Özellikle’de Roma’da İtalyan lezzetlerini tatmak isterseniz buraya gelmelisiniz. Aynı zamanda şehrin en ünlü alışveriş caddesi olan Via Condotti de merdivenlerin hemen karşısında bulunuyor. Roma’da en iyi makarnayı nerede mi yemek istiyorsunuz? O zaman not alın sizinle sırrımızı paylaşıyoruz. Via del Corso üzerinde bulunan Pastificio…  Her gün saat 13.00’da sadece iki çeşitten oluşan taze makarna servisi yapılıyor. Eğer makarnanızı orada yerseniz de ev yapımı beyaz şarap veriyorlar. İtalya’ya kadar geldik bir de tatlı yemeyelim mi dediğinizi duyar gibiyiz. O zaman Pastificio’nun karşısında birkaç dükkan ileride yer alan Pompi’de bir tiramisu yemelisiniz.

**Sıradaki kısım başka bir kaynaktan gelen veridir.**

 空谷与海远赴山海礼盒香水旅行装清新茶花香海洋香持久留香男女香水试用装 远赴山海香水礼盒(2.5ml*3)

Sırada Aşk Çeşmesi Trevi var. İspanyol Merdivenleri’ne çok yakın. Roma'da Poli Sarayı'nın bir kenarına Nicolò Salvi tarafından yapılmış, dünyadaki en ünlü çeşmelerden birisidir. Trevi Çeşmesi 1762 yılında tamamlanmış. Buraya ziyarete geldiğinizde dilek dilemek için paralarınızı hazırlayın. Çeşmeye arkanızı dönüp, omzunuz üzerinden çeşmeye doğru para fırlattığınızda dileğinizin olacağı söylenir. Dileğimizi diledik oldu bizden söylemesi…

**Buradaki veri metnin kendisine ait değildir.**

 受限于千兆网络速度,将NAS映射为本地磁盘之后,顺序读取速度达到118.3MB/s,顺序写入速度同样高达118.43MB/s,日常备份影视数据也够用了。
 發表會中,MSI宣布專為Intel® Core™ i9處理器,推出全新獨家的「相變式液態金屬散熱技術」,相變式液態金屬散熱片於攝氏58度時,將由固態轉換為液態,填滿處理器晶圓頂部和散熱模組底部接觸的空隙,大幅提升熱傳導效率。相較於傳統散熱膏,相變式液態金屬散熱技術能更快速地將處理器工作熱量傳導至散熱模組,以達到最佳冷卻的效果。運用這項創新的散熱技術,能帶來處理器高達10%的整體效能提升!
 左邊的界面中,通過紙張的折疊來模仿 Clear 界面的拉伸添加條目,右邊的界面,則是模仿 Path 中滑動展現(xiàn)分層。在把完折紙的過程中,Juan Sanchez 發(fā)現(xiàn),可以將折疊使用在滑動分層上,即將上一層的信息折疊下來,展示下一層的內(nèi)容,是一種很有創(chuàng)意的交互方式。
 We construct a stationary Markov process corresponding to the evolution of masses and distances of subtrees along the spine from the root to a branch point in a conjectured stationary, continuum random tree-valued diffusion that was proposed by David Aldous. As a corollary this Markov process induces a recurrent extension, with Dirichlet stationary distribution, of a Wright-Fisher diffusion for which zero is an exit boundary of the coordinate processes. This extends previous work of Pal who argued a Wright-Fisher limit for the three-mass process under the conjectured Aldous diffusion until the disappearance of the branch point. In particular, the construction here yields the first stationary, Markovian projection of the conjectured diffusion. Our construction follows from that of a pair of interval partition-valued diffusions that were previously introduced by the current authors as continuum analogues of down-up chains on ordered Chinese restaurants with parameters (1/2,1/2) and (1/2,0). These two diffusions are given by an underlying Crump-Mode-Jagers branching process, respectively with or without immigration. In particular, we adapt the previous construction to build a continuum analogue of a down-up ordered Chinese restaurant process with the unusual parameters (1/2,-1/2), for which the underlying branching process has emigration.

Roma’daki ikinci günümüzde kentin en iyi korunmuş antik yapılarından biri olan Pantheon’u görmeye gidiyoruz. Pantheon, İS 118-125 arasında inşa edilmiş. Klasik sütunlar ardında yer alan kubbe şeklinde ki yapı bir mühendislik harikası. Buranın güzelliğini içerisine girdiğinizde daha iyi anlıyorsunuz. Panteon kavramı, ünlü kişilerin gömülü olduğu anıtlar için kullanılmaktadır. Tüm Roma yapıları içinde en iyi korunmuş olanı ve dünyada da döneminin en iyi korunmuş binasıdır.

Roma’da gezilecek yerler listesinin en sonuna Vatikan ve Aziz Petrus Bazilikası’nı bırakıyoruz. Roma'daki en büyük dört bazilikadan ikincisi Aziz Petrus Bazilikası’dır. Vatikan denildiğinde akla gelen en görkemli yerlerden biri. Kubbesi ile Roma'nın siluetindeki en önemli parçalar arasında yer alıyormuş. 1626 yılında yapının inşaatı tamamlanmış. En güzel manzarayı da Bazilika’nın kubbesinden izleyebilirsiniz.

Kilisenin en önemli yeri Aziz Petrus Meydanı‘dır. Bernini tarafından tasarlanan ve inşa edilen bu meydan, dünyanın en büyük meydanlarından biri. Papa, halkına burada hitap ediyor. Meydanın ortasında Papa V.Sixtus tarafından diktirilen, bir Mısır dikilitaşı da yer alıyor.

Roma’dan ayrılırken gözlerimiz tarihe doymuş oldu. Ölmeden önce yapılacaklar listesinden kırmızı Vespa ile Roma’da gezmenin üstünü de çizmiş olduk. Roma’da en az 3 gün kalmanızı ve bu şehrin tadını çıkarmanızı tavsiye ediyoruz. İtalya’nın güzelliklerine kaldığımız yerden devam edebiliriz.